Location
- 803 Sharon Avenue East Moses Lake, Washington, United States 47°06′43″N 119°15′57″W﻿ / ﻿47.11194°N 119.26583°W

Information
- Type: Public, Coeducational
- Established: 1924
- School district: Moses Lake School District
- Principal: Sheila Kries
- Teaching staff: 83.30 (FTE)
- Enrollment: 1,979 (2023–2024)
- Student to teacher ratio: 23.76
- Colors: Maroon and Gold
- Athletics conference: Big 9 4A
- Mascot: Mavericks
- Rivals: Eastmont High School Wenatchee High School
- Yearbook: The Lake
- Website: mlhs.mlsd161.org

= Moses Lake High School =

Public high school in Moses Lake, Washington

Moses Lake High School is a public high school in Moses Lake, Washington serving 2,375 students in grades 9–12. Moses Lake School District operates the school.

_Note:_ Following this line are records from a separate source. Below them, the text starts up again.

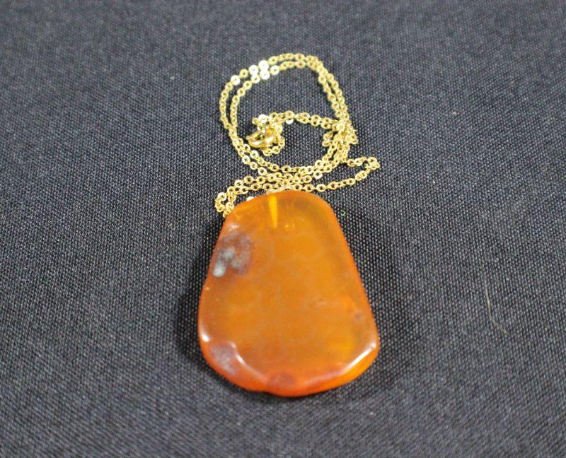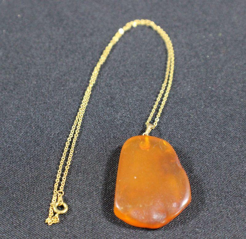 LOT#110: Natural Amber Pendent with 14K Gold Filled Chain
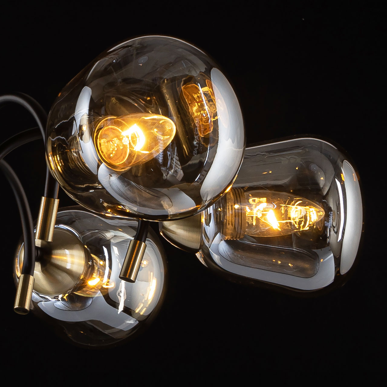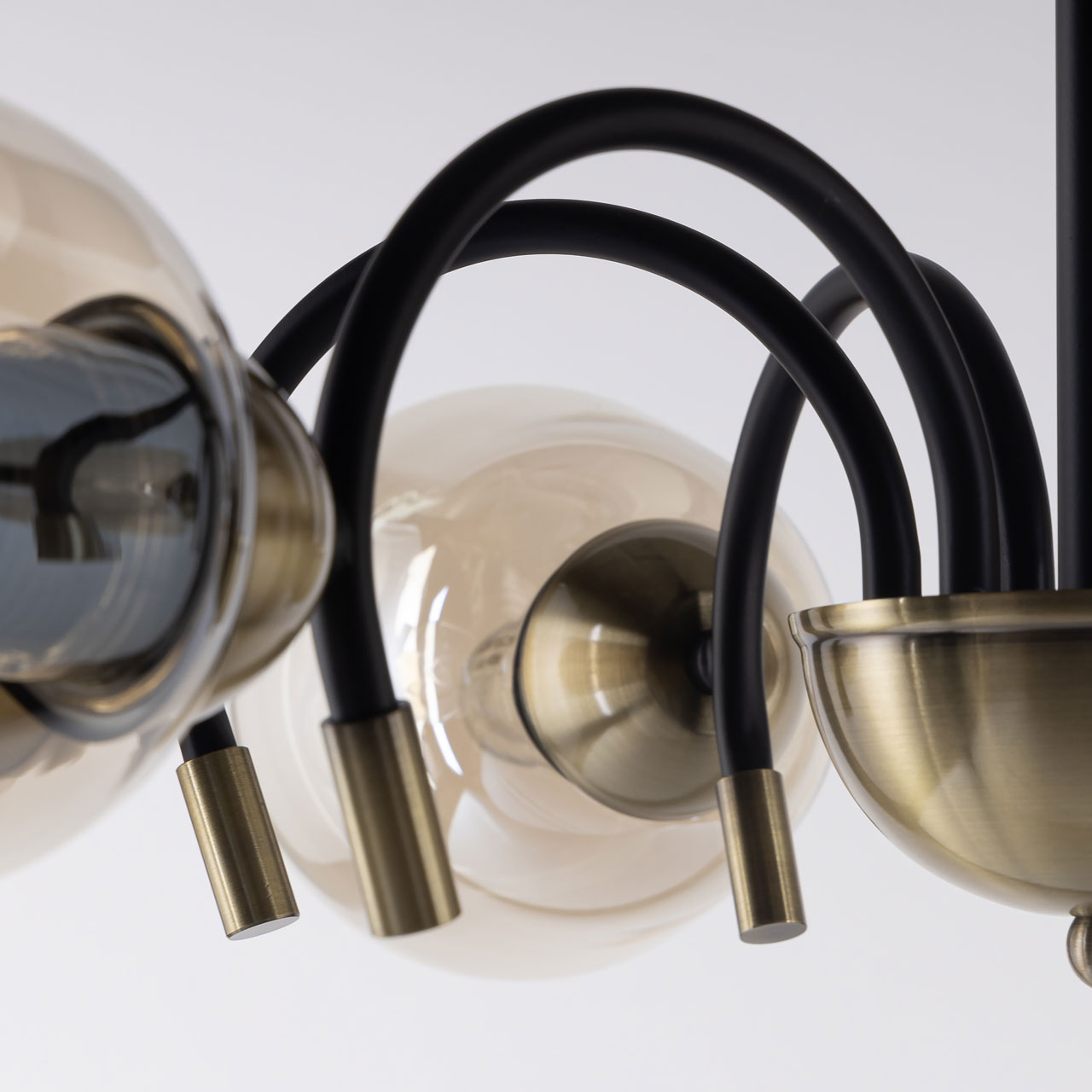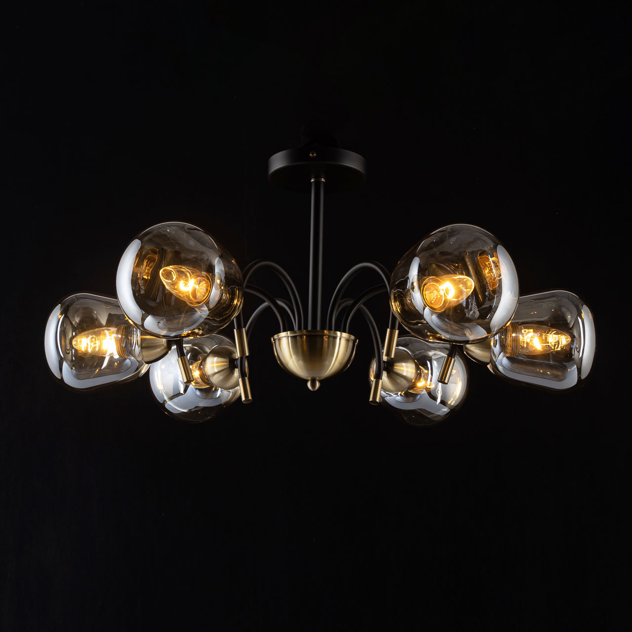 Металлическое основание подвесной люстры окрашено в черный цвет. Отдельные элементы основания гальванизированы в цвет античной бронзы. Светильник декорирован стеклянными вытянутыми плафонами цвета шампань.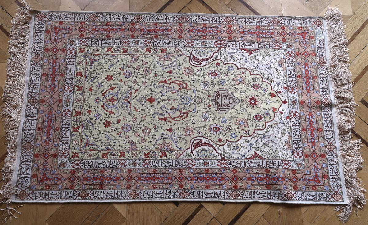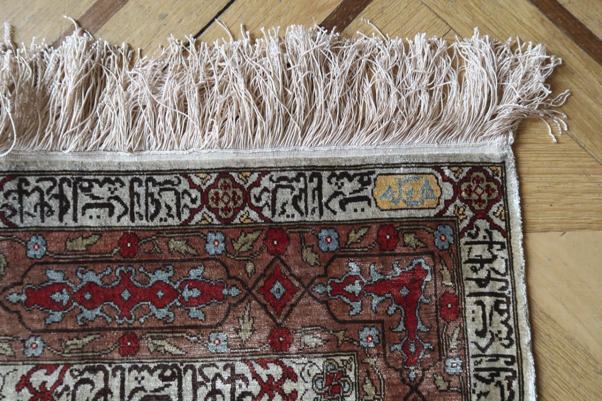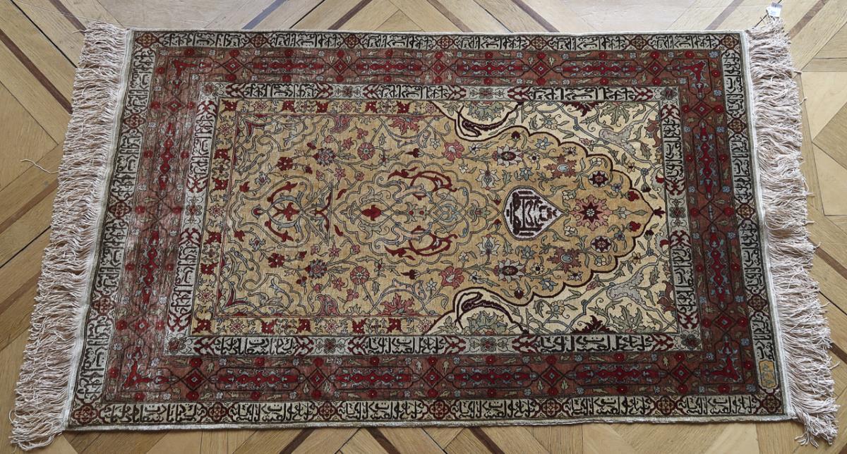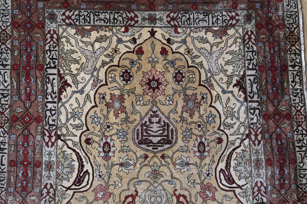 Handgeknüpfter türkischer Teppich, circa eine Million Knoten pro Quadratmeter. Ein klassischer Nischenteppich mit broschierter Kalligraphie im Giebel. Die beiden Nebenbordüren sind mit Schriftelementen gefüllt. Guter Zustand.

The current principal is Sheila Kries.

The district (of which this is the sole comprehensive high school) includes Moses Lake, Cascade Valley, Moses Lake North, and Wheeler.

==Demographics==
42% of those who attend the high school are white, while 51.4% are Hispanic. 1.4% are black, 1.2% are Asian or Pacific Islander, 0.2% are American Indian or Alaska native, and 3.6% are of two or more races.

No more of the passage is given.